As time passed, the Lost Cause explanation has fallen out of favor. Historians overwhelmingly see the war as being caused by the South’s secession which was caused by the Republican Party’s opposition to slavery. The war, therefore, was a war over slavery. Now, a pro-Union person could say “look! History was on our side!”
Both people are right. History was on the Confederate’s side until it was on the Unionist’s side. It’s possible that history will change its mind again and again. It’s unlikely, as there’s such a strong argument that the war was about slavery, but history is always viewed through the lens of historians. If a future society wants to tell a story about a war about honorable farmers fighting hordes of industrialists, then they might repurpose the Civil War again.

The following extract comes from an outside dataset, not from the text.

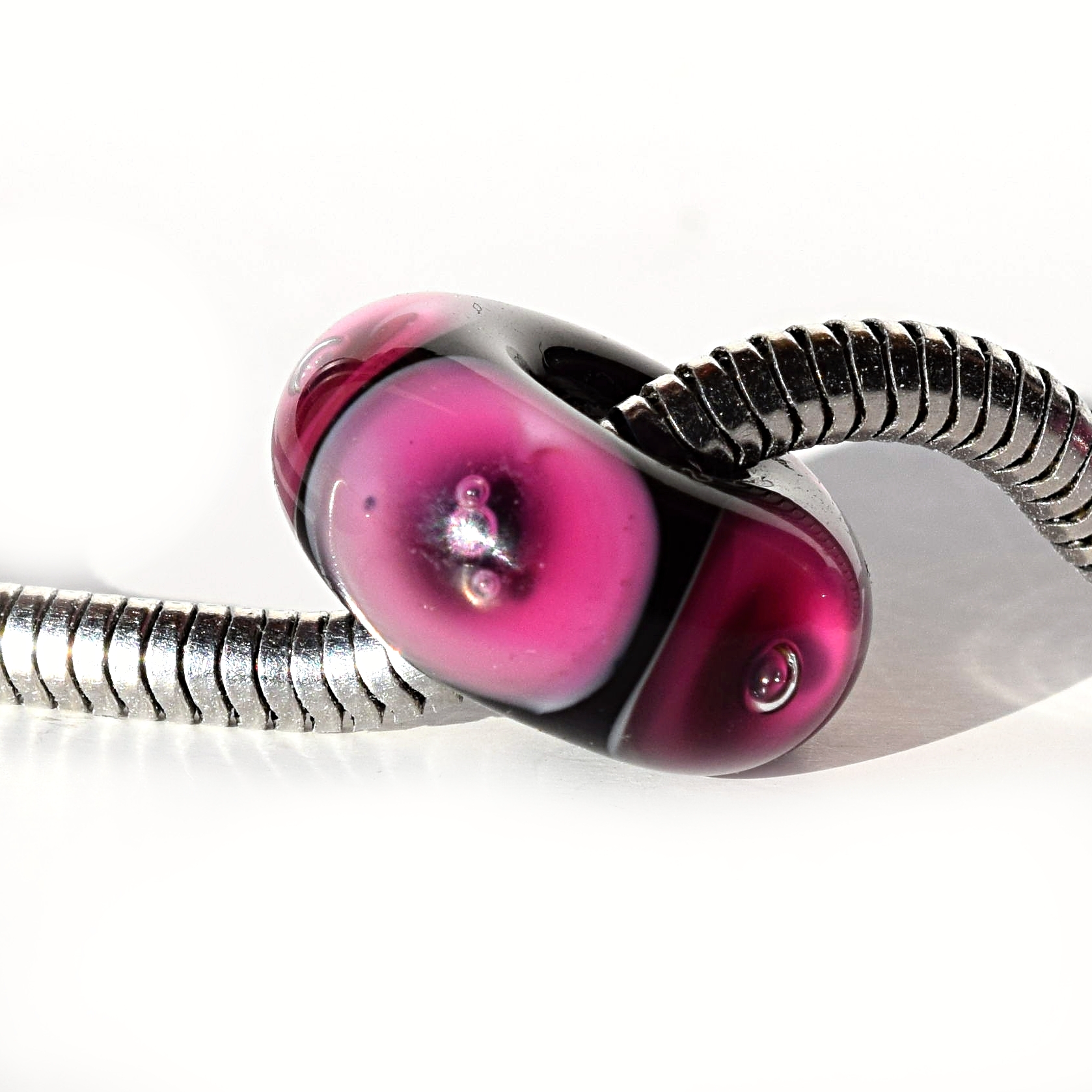Studánky růžového a fialového skla s bublinkou na černé vinuté perličce pro Váš náramek.

Don’t Count on History’s Hindsight
It’s tempting to think that future generations will look back on us and applaud our side as being on the vanguard of progress. Tempting, but unwise. It’s most likely that we’ll be forgotten by future generations, exempting niche historians. If we are part of a rare movement that makes the history books, then history will have a fluid view of us, as history is always a story told by historians, and the perspective of historians never becomes a timeless constant.
That’s a dispiriting message for those of us whose only afterlife is in the memories of our descendants. We aren’t going to be shuffled into a reputational Heaven or Hell for eternity. All we can do is believe in our actions today and hope that we’re not judged too harshly for them tomorrow.